After this, I tried to experiment with some CV segmentation models that could classify the environment into either obstacles or free space. The models I tried were Segment Anything Model (SAM), Mask2Former Universal Segmentation, DeepLabV3 with COCO weights, and DeepLabV3 with Pascal weights. These models are pre-trained with mostly general data, and so they did not work as well on indoor environments from a top-down bird’s eye view as seen in the following images.
SAM Model With Hamerschlag Hall View:
SAM Model + Mask2Former Universal Segmentation:
DeepLabV3 Model with COCO Weights:
DeepLabV3 Model with Pascal Weights:
As seen from these images, the closest model that is able to at least outline the edges of the furniture is the SAM Model. Charles was able to tune the model such that it fills in the entire furniture and so we were able to get a working model from that. Thus, we are now going to base our segmentation model on the modified SAM Model.
Next, I started working on the D* Lite algorithm. I was able to create a UI that displays the person and the target in a 2D occupancy matrix (one that is similar to the one generated from the modified SAM model). The 2D occupancy matrix contains 0 for free space and -1 for occupied space. The D* algorithm recalculates the shortest path starting from the target to the person and uses heuristics to speed up the algorithm. Currently, I am controlling the person using arrow keys but these will be replaced with UWB sensors after we get that working. The person will also be navigated in the direction of the lowest cost.

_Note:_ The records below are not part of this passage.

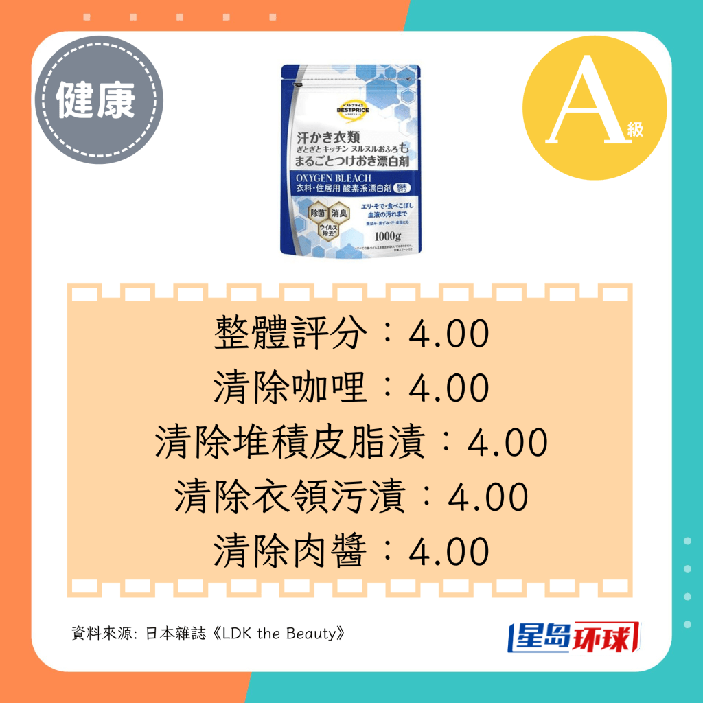 共同第3位(4.00分):CAINZ含氧漂白剂(过碳酸钠)(日圆¥598,约HK$31)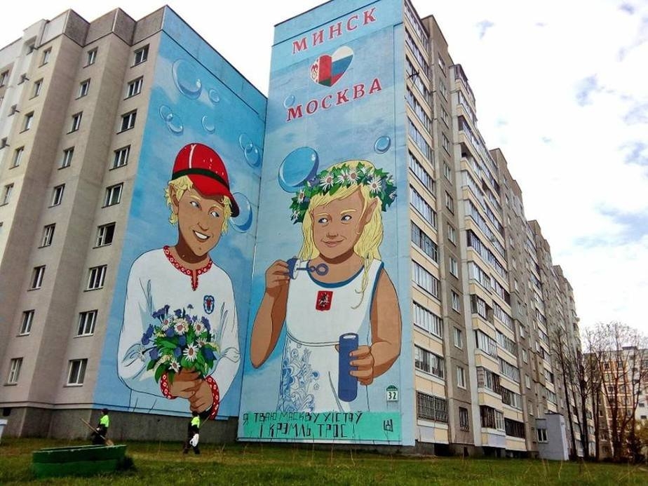 На граффити “дружбы Беларуси и России“ поверх закрашенной надписи протеста появилась новая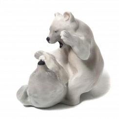 Фарфоровая фигура (статуэтка) "Играющие белые полярные мишки". Ручная подглазурная роспись.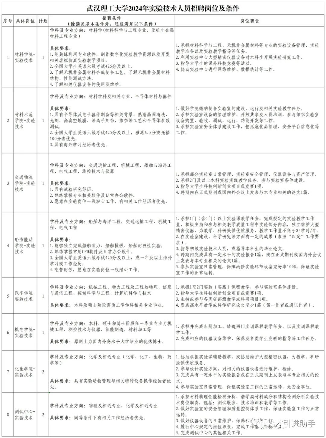 武汉理工大学是教育部直属全国重点大学,是首批列入国家“211工程”和“双一流”建设高校,是教育部和交通运输部等部委共建高校。为促进学校可持续发展,加强实验技术人员队伍建设,根据学校工作安排,决定公开招聘实验技术人员10名。现将有关事项公告如下: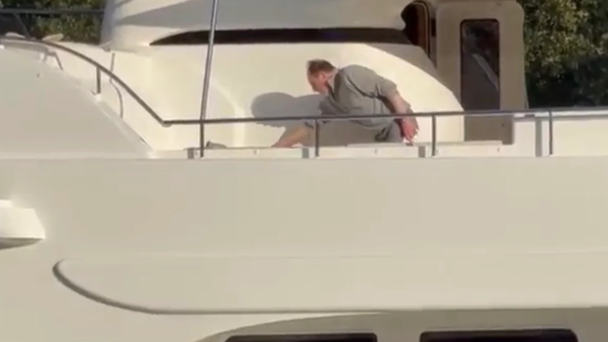 Dok se Melina sve vreme krila u kabini jahte, gde se u tajnosti pripremala za gala proslavu, mladoženja Džefri je uhvaćen u potpuno opuštenom izdanju. Odeven samo u džemper i farmerke je čistio po jahti i pažljivo slagao prekrivač na brodu.

My progress is slightly behind schedule as we were not able to get the OV2311 camera working. However, we have decided to use the phone camera as an alternative so we can move forward with our project. Once we have a working model for all the parts, we can consider switching back to the stereo camera instead of a phone camera. With the phone camera working, we are able to make significant progress on the software end of our project this week, so we expect similar progress going forward.
Next week, I hope to integrate the phone camera, SAM CV Model, and D* Lite Path Planning algorithm all into the same pipeline. Currently, these are all working as lone components, but we have to ensure that the output of one stack can feed into the input of the other. Once I am able to integrate all these components, our software stack will be mostly done and we could plug in hardware components as we move forward.